Beta marginal density functions for joint distribution of order statistic. For 10 input p-values obtained from independent experiments, the marginal density functions for ith p-value are shown. The shaded area represents 5th marginal p-value when 5th input p-value equals to 0.2.

Let \(X\) be the minimum of the n marginal p-values.

$$X = \mathop {\min }\limits_{1 \le r \le n} F_{(r)} (p_{(r)} ).$$

The probability \({\text{P}}(X > \alpha )\) can be explicitly calculated using joint distribution of order statistic as follows:

$$\begin{aligned} {\text{P}}(X > \alpha ) & = {\text{P}}\left( {F_{(1)} (p_{(1)} ) > \alpha , \ldots ,F_{(n)} (p_{(n)} ) > \alpha } \right) \\ & = {\text{P}}\left( {p_{(1)} > F_{(1)}^{ - 1} (\alpha ), \ldots , p_{(n)} > F_{(n)}^{ - 1} (\alpha )} \right) \\ & = n! \mathop \smallint \limits_{{F_{\left( n \right)}^{ - 1} \left( \alpha \right)}}^{1} \ldots \mathop \smallint \limits_{{F_{\left( 2 \right)}^{ - 1} \left( \alpha \right)}}^{{t_{3} }} \mathop \smallint \limits_{{F_{\left( 1 \right)}^{ - 1} \left( \alpha \right)}}^{{t_{2} }} 1 dt_{1} \ldots dt_{n} . \\ \end{aligned}$$

Thus, the combined p-value is given as

$${\text{Ordmeta}}\;p{\text{ - value}} = {\text{P}}(X \le \alpha ) = 1 - {\text{P}}(X > \alpha ).$$

Ordmeta calculates p-value for the minimum marginal p-value. In other words, it assesses the positions of each marginal statistic \(p_{(i)}\) to select the optimal one and assess its significance using joint distribution of order statistic. Thereby, the ordered p-values larger than the optimal \(p_{(i)}\) have no effect on the final p-value, which confers the robustness. This optimal value also suggests that the p-values smaller than the optimal one are p1-values.
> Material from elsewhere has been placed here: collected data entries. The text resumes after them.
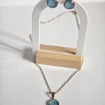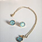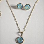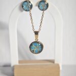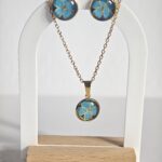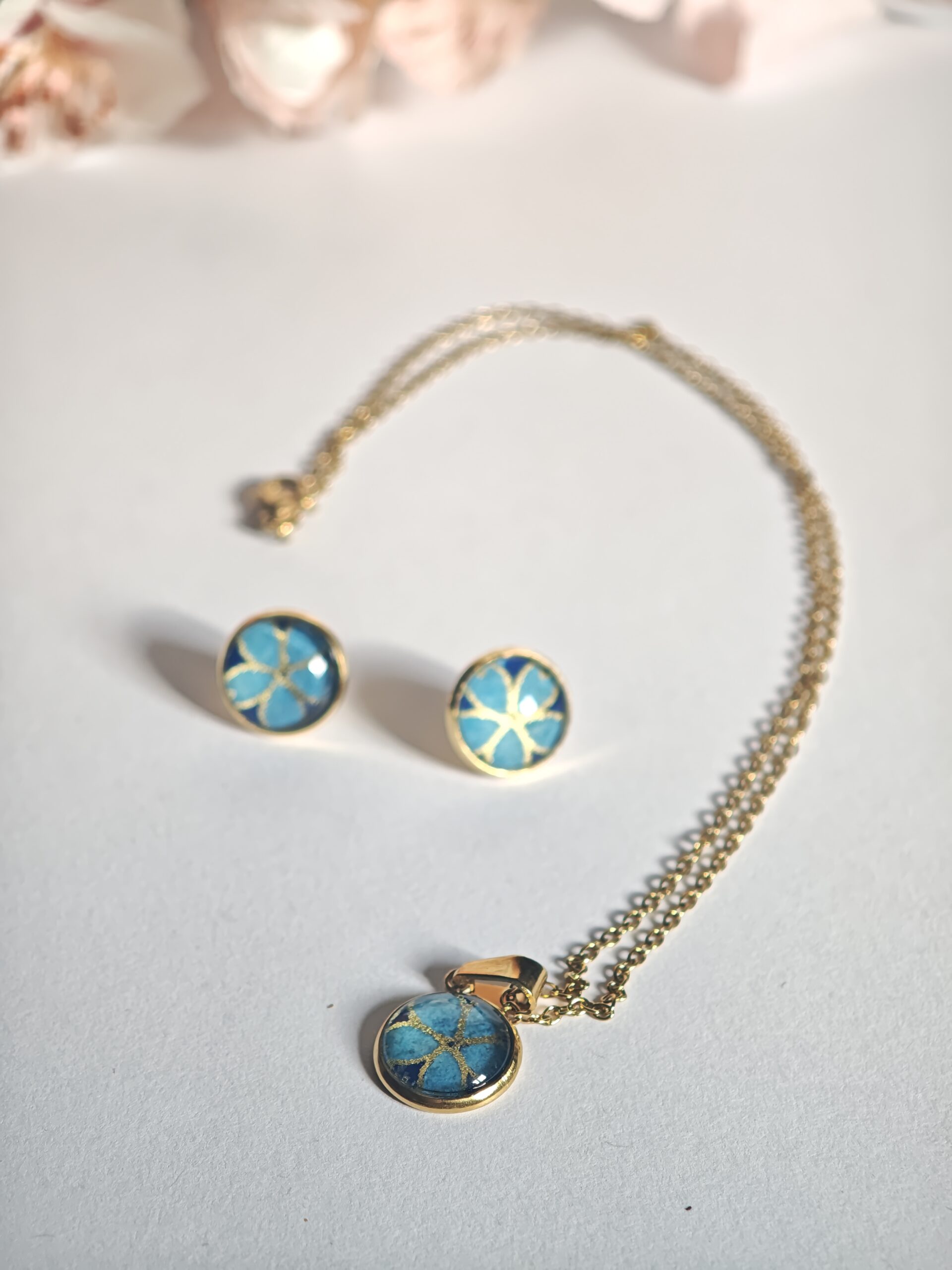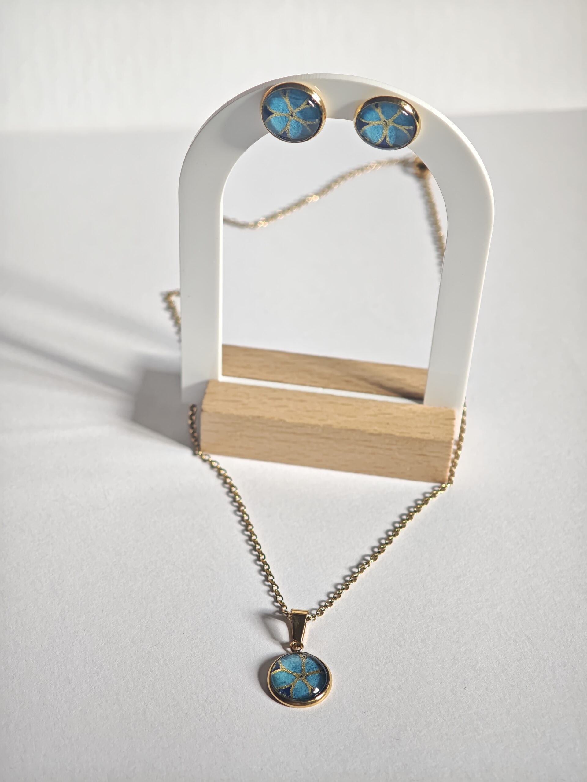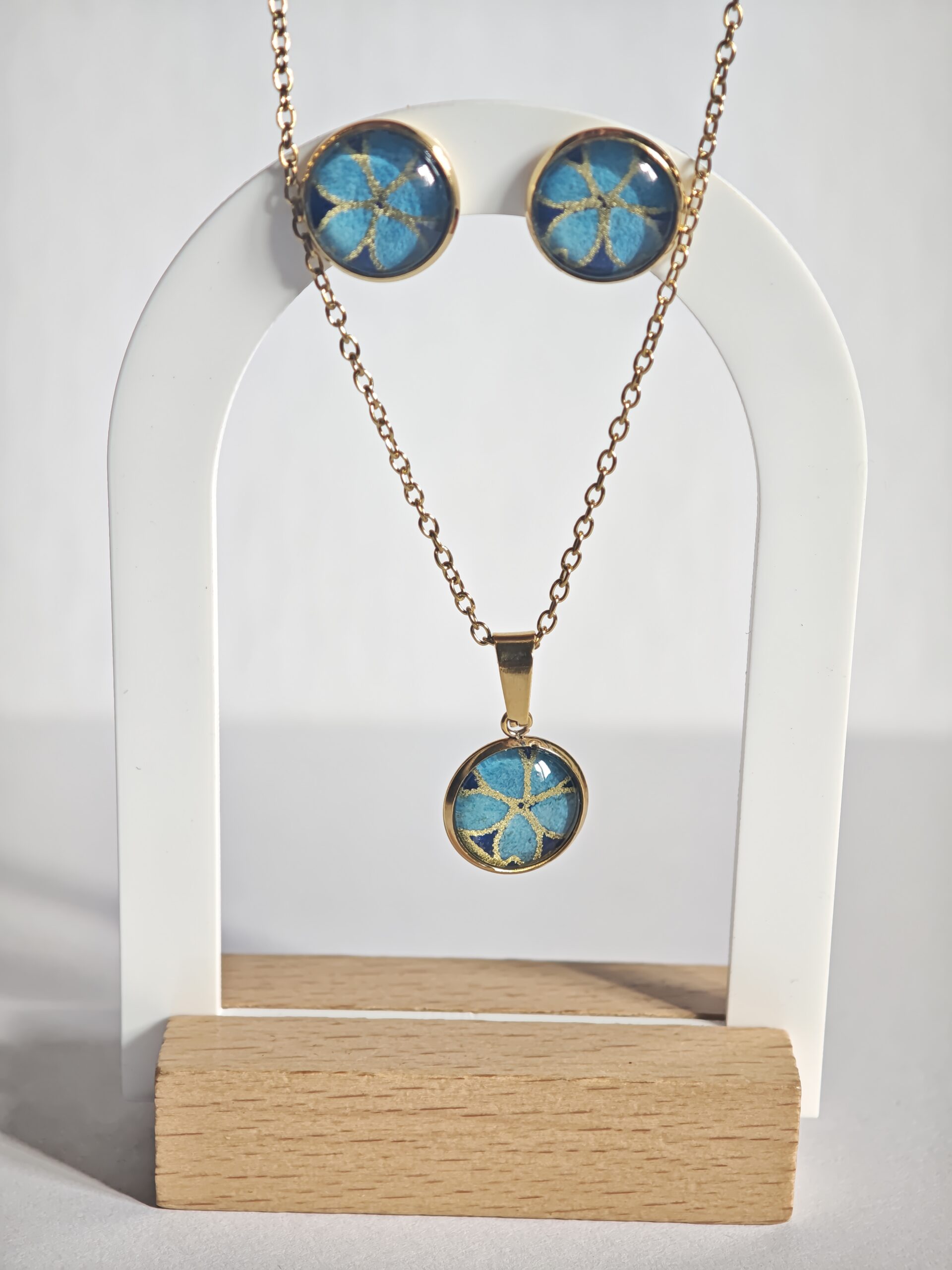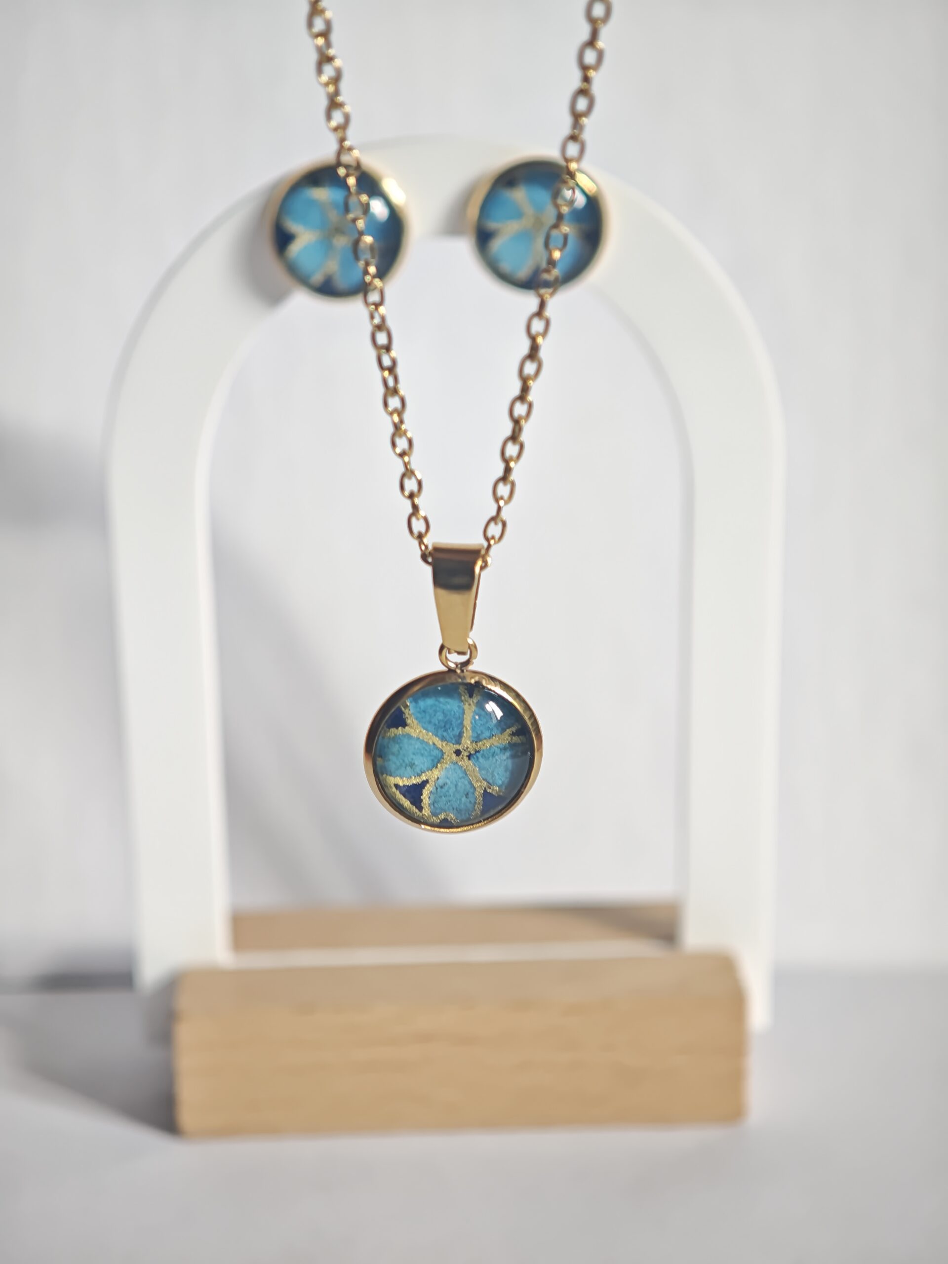 🌸 Parure collier et boucles d’oreilles puces en papier japonais – Motif floral bleu – Bijoux faits main
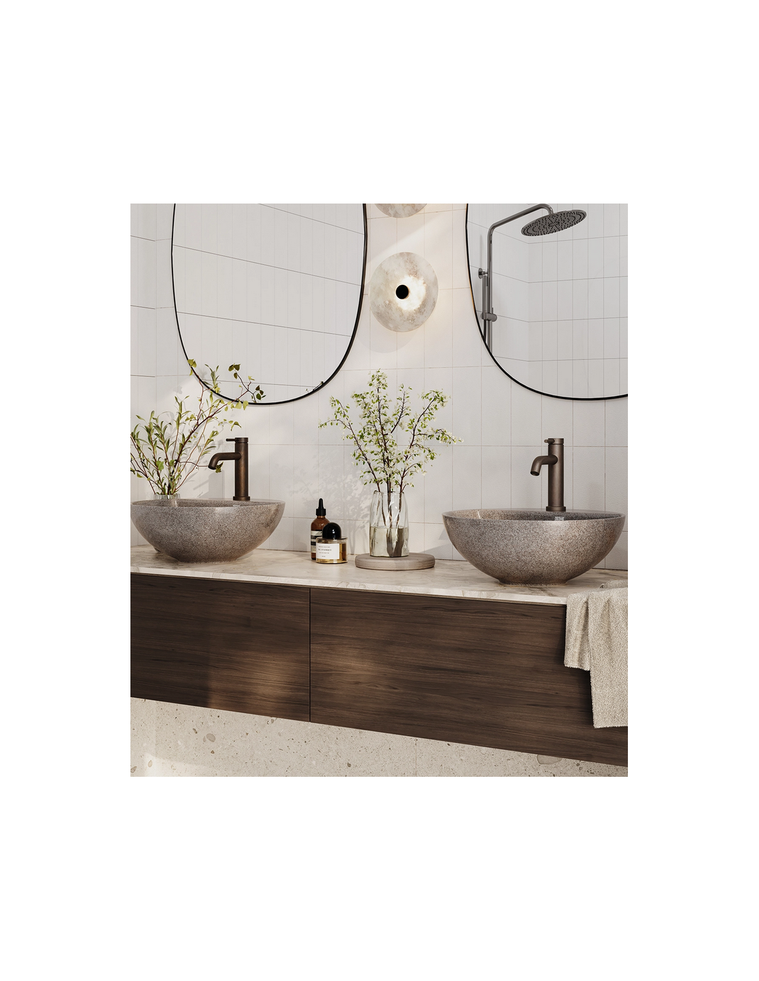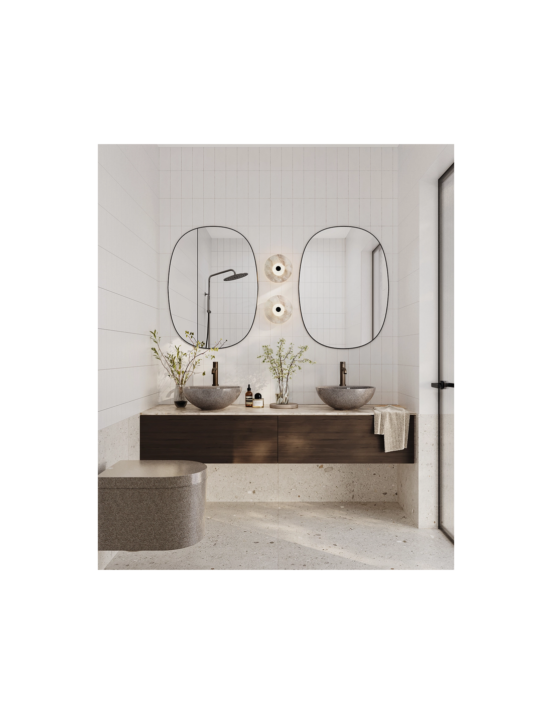 Woodio kombinerer moderne skandinavisk design med naturlige materialer, hvilket skaber minimalistiske, men varme og indbydende badeværelsesmiljøer. Hvert produkt har en unik tekstur og overflade, som gør det til en æstetisk tilføjelse til ethvert rum.
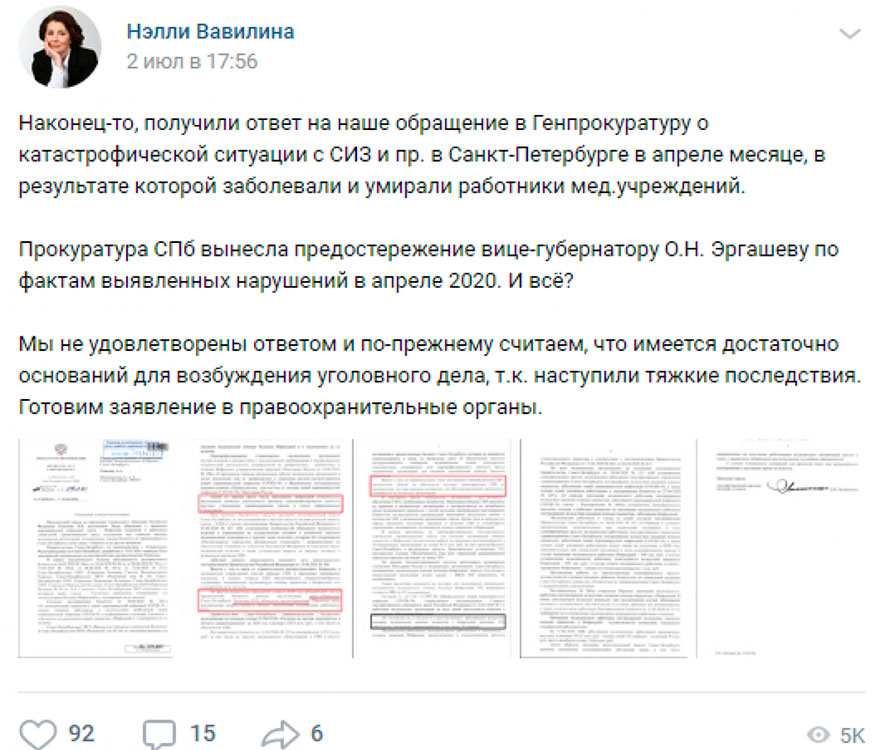 Во время тяжелой эпидемиологической обстановки в России вице-губернатор Северной столицы по здравоохранению Олег Эргашев стал объектом травли со стороны оппозиционных СМИ из-за якобы проваленной борьбы с коронавирусом. Вице-губернатора беспочвенно обвинили в неспособности своевременно обеспечить медучреждения Санкт-Петербурга средствами индивидуальной защиты в апреле 2020 года. В результате оппозиция стала требовать привлечь Эргашева к уголовной ответственности. Одним из инициаторов этой идеи был депутат ЗакСа от «Справедливой России» Алексей Ковалев. Стоит отметить, что на первых этапах распространения коронавируса город действительно столкнулся со множеством трудностей с обеспечением населения СИЗ и аппаратами ИВЛ. Однако впоследствии в ходе проверки работы чиновников Петербурга надзорным ведомством было установлено, что принятые меры в сложившейся ситуации были своевременными и отвечали реалиям той обстановки. Тем не менее, некоторые нарушения все же были выявлены. В частности, были зафиксированы перебои в поставках СИЗ в Северную столицу из-за действия постановления правительства РФ № 431. Кроме того, проверка отметила длительность перепрофилирования медицинских учреждений в инфекционные стационары. При этом прокуратура не нашла достаточных оснований для возбуждения уголовного дела, и Эргашев ограничился только предостережением о недопустимости нарушений закона. Примечательно, что изначально объектом для критики у оппозиционеров был губернатор Петербурга Александр Беглов. Однако позже фокус внимания сместился именно на Эргашева. Именно Алексей Ковалев вместе со своей соратницей по партии Нелли Вавилиной стали инициаторами привлечения к уголовной ответственности вице-губернатора. О подготовке обращения в правоохранительные органы она написала в своем Facebook. ![]() Как было указано выше, проверка не выявила серьезных нарушений. Однако проблемы были и объяснялись целым рядом причин. Во-первых, было тяжело определить действительный масштаб распространения вируса и борьбы с ним. Ввиду отсутствия тестов было трудно выявить инфицированных. Следовательно, необходимые траты также было трудно спрогнозировать. Уже в марте, когда было произведено усиленное тестирование, стало понятно, что проблем с ковидом не избежать. Поэтому оперативно было принято решение о скорейшем снабжении всех перепрофилированных медучреждений, поликлиник и больниц запасами ИВЛ и СИЗ. Однако экономическая ситуация не позволила обеспечить город в короткие сроки таким большим количеством необходимых СИЗ и ИВЛ, поскольку Петербург был не единственным городом, нуждающимся в оборудовании и средствах защиты. При этом перепрофилирование медучреждений также требовало больших затрат. Вследствие чего на поставки выстроилась длинная очередь из сотни больниц, нуждающихся в масках, перчатках и оборудовании. Стоит отметить, что в начале распространения вируса в России производили 60-70 аппаратов ИВЛ и 800 тысяч масок в сутки. Однако ближе к концу марта ситуация улучшилась и производство увеличилось до 1,6 млн масок в сутки, а аппаратов до 700-800. Тем не менее, для эпидемиологической ситуации, сложившейся в апреле, этого было мало, так как спрос был слишком велик. В таких условиях поменять что-либо не могли ни Эргашев, ни Беглов. Второй причиной
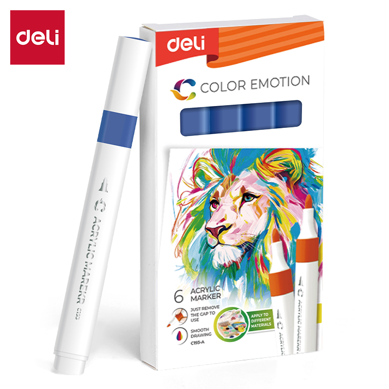 DELI Akrilni marker Color Emotion – namenjen je za precizno i kreativno izražavanje na različitim površinama, uključujući papir, karton, platno, drvo, metal, staklo i plastiku. Marker koristi akrilnu boju na bazi vode koja se brzo suši,

Integrating two-tailed p-values

When individual p-values are obtained from two-tailed tests and effect directions are also given, those p-values are halved and synchronized according to the effect direction. In other words, each \(p_{i}\) is converted to \(p_{i} /2\) if the directions of true effects and integration coincide or to \(1 - p_{i} /2\) otherwise, and integrate the resulting p-values. The integration is done once more for the complimentary p-values. The smaller of the two combined p-values is selected and multiplied by two for the two-tailed meta-analysis p-value.

Simulation based on t-tests

We simulated t-tests similar to those of previous works13,14 to compare power and false positive control for six p-value combining methods: wFisher, ordmeta, Fisher’s method, Z-method, weighted Z-method, and a Lancaster’s method with \(DF_{i} = s_{i}\). The power was compared by including p0-values to a given set of p1-values. First, 2, 4, or 8 p1-values were combined and the corresponding powers were compared. Then, p0-values were also combined with the p1-values. A maximum of 30 p0-values were included. Standard normal values were sampled with sample sizes of 30–2000, and one sample t-test was performed for mean values of 0.03–0.1 to generate p1-values. P0-values were sampled from uniform distribution for one of the three ranges: [0.0, 1.0], [0.1, 1.0], and [0.3, 1.0]. Each scenario was repeated 1000 times (Fig. 2). To test false positive control, 2, 10, 30, and 100 p-values (sampled from [0, 1]) were generated and combined 100,000 times, and the proportion of results with combined p-values less than 0.05 was measured (Table 1).

Figure 2
figure 2

t-test simulation result. Statistical power of six p-value combining methods was tested for different numbers of associated p-values, unassociated p-values, and three different ranges of unassociated p-values. The vertical dashed line represents the boundary between associated and unassociated p-values. Up to the dashed line, only associated p-values were combined. To the right of dashed line, only unassociated p-values were added. In the first, second, and third rows of figures, unassociated p-values were sampled from intervals [0, 1], [0.1, 1], and [0.3, 1], respectively.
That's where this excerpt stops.